Luis Fernando Gutiérrez-Cardona
La juventud pasa muy rápido, o pasaba puesto que ahora 'nosotros los
jóvenes' lo son hasta el lindero de los cuarenta o poco menos. Pero la
verdad es que pasa pronto. Y llega la adultez y con ella la adustez.
Adquirimos profesión u oficio, tarjeta de crédito, registro tributario,
celular, seguro de vida -y también de muerte-, carro a plazos, seguros obligatorios,
pagarés, y una hipoteca eterna, y con ello el sentido de la existencia que es
pagar facturas mes a mes hasta la muerte y más allá. Dejamos
de estar enamorados para sentir amor, para exigirlo, para cobrarlo. Nos comprometemos con la
preservación de la especie, hacemos colas, tomamos partido y seguimos algún
equipo de fútbol.
Empezamos a amar el odio y lo desarrollamos como
principal motivación. La adultez nos hace adquirir consciencia de que
hay que manejar a la defensiva, de que el espacio para el sufrimiento es
ancho, angosto el del goce, inexistente el de la felicidad. Hablamos
con los desconocidos acerca de lo dura que está la vida y lo malo que es el gobierno -el peor de la historia, siempre. Se nos hacen
caras las cervezas en los bares y excesivo el volumen en las discotecas.
Huimos del sol porque produce cáncer, contamos calorías, dejamos de comer de aquello porque nos hace daño, las playas multitudinarias nos
agobian.
Por fin, somos capaces de leer La Retórica de Aristóteles y
reconocer lo sabio que era nuestro padre.
La adultez oscurece la tez y
la ensombrece. Despeja la cabeza -de pelo-y nubla la vista. Pausa la
expresión. Sube la agresión. Endurece. Desasosiega. Encanece. Ablanda. Atemoriza. Se
pierden la fe, la esperanza y la caridad.
No es buena la adultez.

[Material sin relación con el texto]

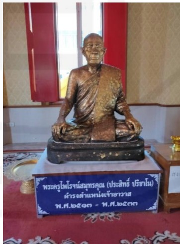
รูปภาพ: พระครูไพโรจน์สมุทรคุณ หรือหลวงพ่อหล่อ

พระครูไพโรจน์สมุทรคุณ หรือหลวงพ่อหล่อ (ประสิทธิ์ ปรีชาโน รักษาธรรม) ดำรงตำแหน่งตั้งแต่พุทธศักราช 2513-2533 รวม 20 ปี ในรัชสมัยพระบาทสมเด็จพระบาทสมเด็จพระเจ้าอยู่หัวภูมิพลอดุลยเดช ร.9 ภูมิลำเนาบ้านคลองไทรตามาก ตำบลศรีษะจรเข้ชั้น้อย อำเภอบางพลี(ปัจจุบันคืออำเภอบางเสาธง) จังหวัดสมุทรปราการ พระครูไพโรจน์สมุทรคุณ (ประสิทธิ์หรือทองหล่อ (ปรีชาโน) รักษาธรรม) ท่านเป็นพระอุปัชฌาย์ อาจารย์ที่ใจดี จึงมีคำเรียกท่านว่าฤๅษี
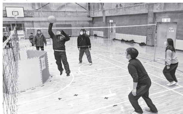
熱い試合を繰り広げる選手たち

思いがけない珍プレー・好プレーの連続に歓声が上がり、スポーツによる世代間交流を楽しんでいました。
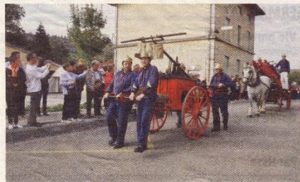
Du matériel flambant neuf.

Depuis bientôt 45 ans, l'amicale des pompiers de Drom assure une animation pour la fête patronale de St Thyrsa, rejointe, depuis, par les autres associations du village, puis par la commune. Souhaitant fêter dignement le 150e anniversaire de la création de la compagnie de sapeurs-pompiers, les volontaires ont alors mis les petits plats dans les grands. Samedi 26 septembre, plus de 730 tartes sont ainsi passées par le four à bois, attirant les gourmands des environs, et, malgré la fraîcheur, la soirée se prolongeait fort tard dans une ambiance surchauffée orchestrée par October, groupe rock revermontois.
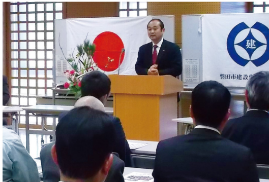
▲1月7日 磐田市建設事業協同組合新年会
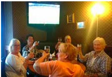
Restaurangkväll på Tre Bröder 20 september
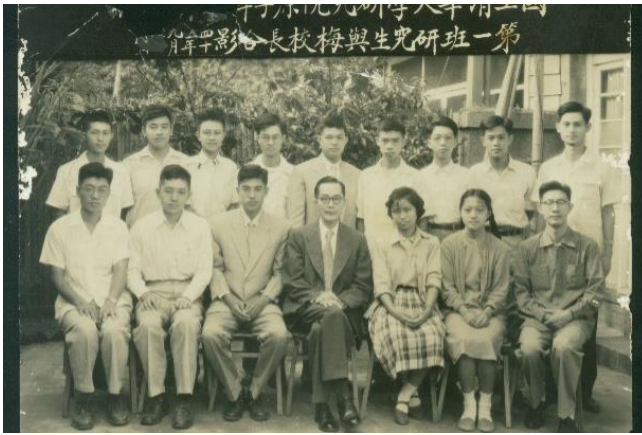
梅貽琦校長(前排中)與清華第一班研究生合影。
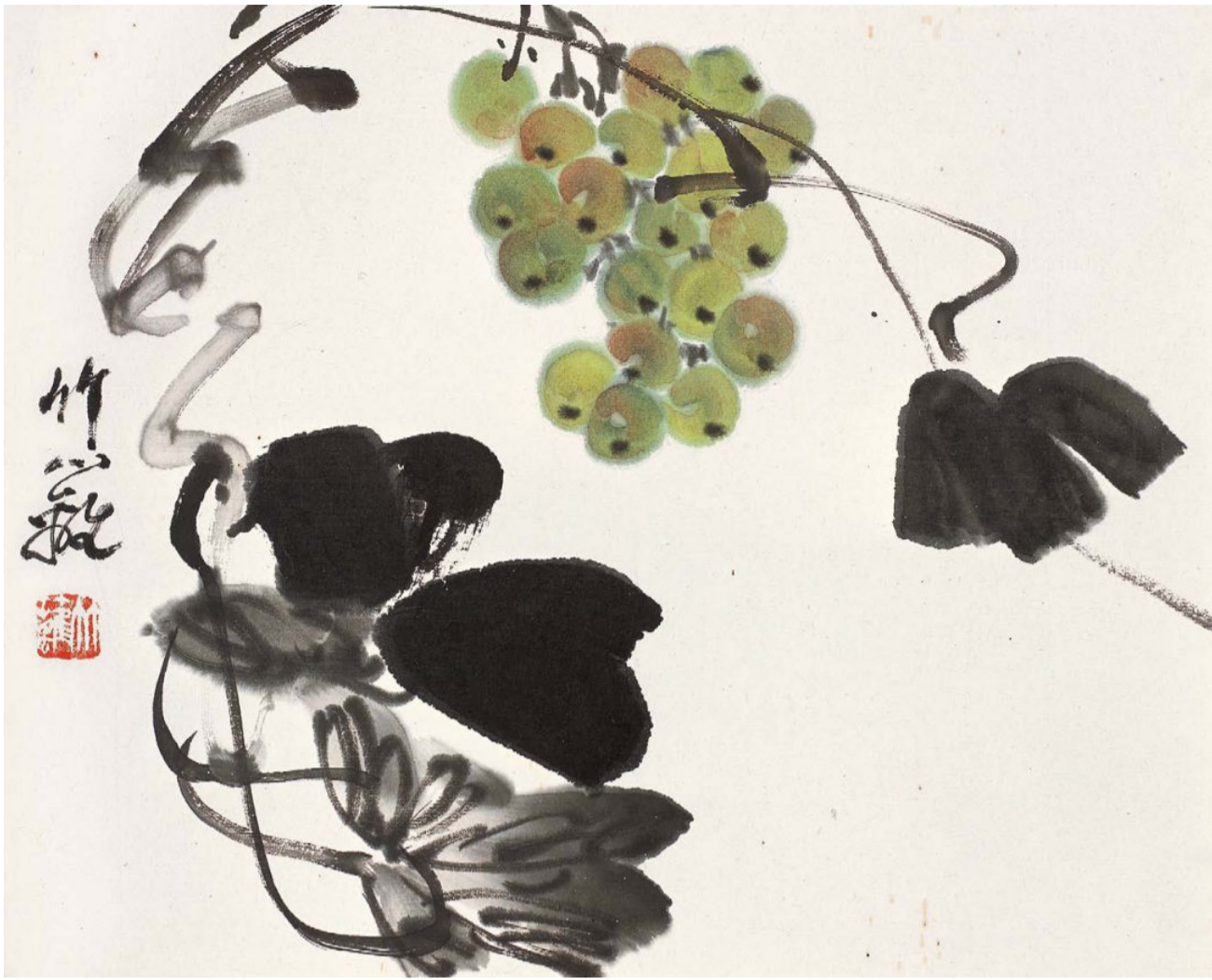
瓜果册（八开）之绿葡萄 1 平尺 1977 年—1980 年
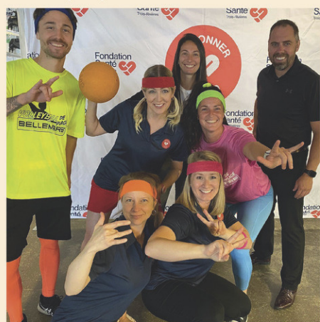
Le tournoi de ballon-chasseur aura lieu le 30 septembre prochain au CSAD.

Le Défi des générations se veut un événement panquébécois inclusif et accessible
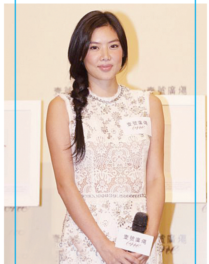
近日,乐基儿(Gaile)到澳门出席活动,活动后被追问婚变传闻,Gaile一概不予回应,有指黎明没有跟她庆祝生日,她仍表示不会回答。
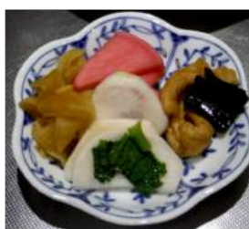
↓少しほろ苦く、薔がプチプチと菜の花の辛し和え
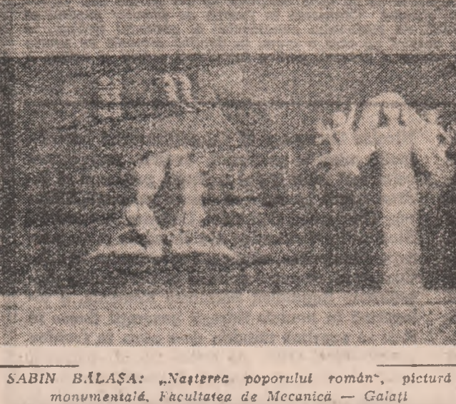
SABINA BALASA: „Nasterea poporului roman”, pictură monumentală, Facultatea de Mecanică - Galati
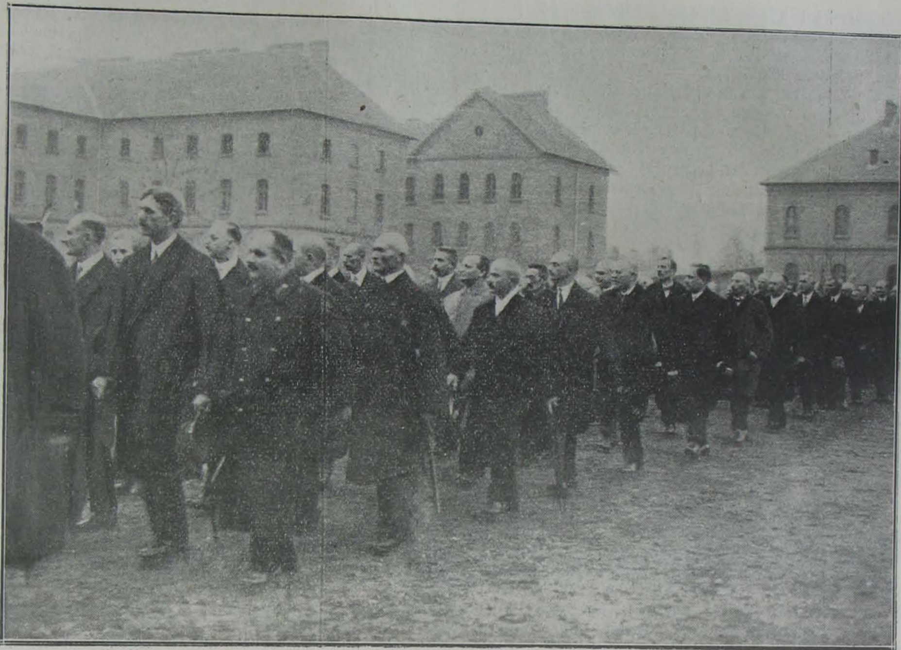
A volt 1. népfelkelő gyalogezred emléktáblájának leleplezési ünnepélyéről: Öreg harcosok diszmenete

másodcsendőri szolgálatra drágán fizetett és kiképzett, nehezen hozzájutható ember anyagot alkalmazunk, b) nehéz az önkéntjelentkezés útján való toborzás és ezért állandóan hiányaink lesznek. Ezért ezt a kérdést t. i. a kiegészítés kérdését a százados ur egyedül és véglegesen a sorozási rendszernek a bevezetésével látja megoldhatónak. Az indokai igen helytállóak és csak az ő szemszögéből nézve, a dolog nem is volna aggályos. Érdekes azonban Kovarcz százados urnak a folyó évi 1. számú Csendőrségi Lapokban kifejtett nézeteit is a mérlegbe állítani, mert ekkor már más oldalról is látjuk a kérdést.
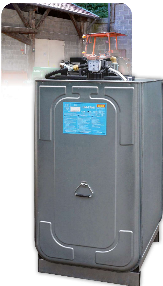
UNI PRO, compteur digital en option
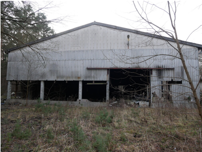
Brikettfabrik der Grube Conrad

Y no
hay, aún, un interruptor que detenga a voluntad su marcha también
emprendida sin opción, arrojados como somos al mundo sin que medie decisión propia. ¿El pentotal a qué? se preguntó el poeta. Una dosis de
cianuro de potasio o algo similar con menos estridencia, tendría que
formar parte de la dotación mínima. A falta suya un poco de cinismo ayuda.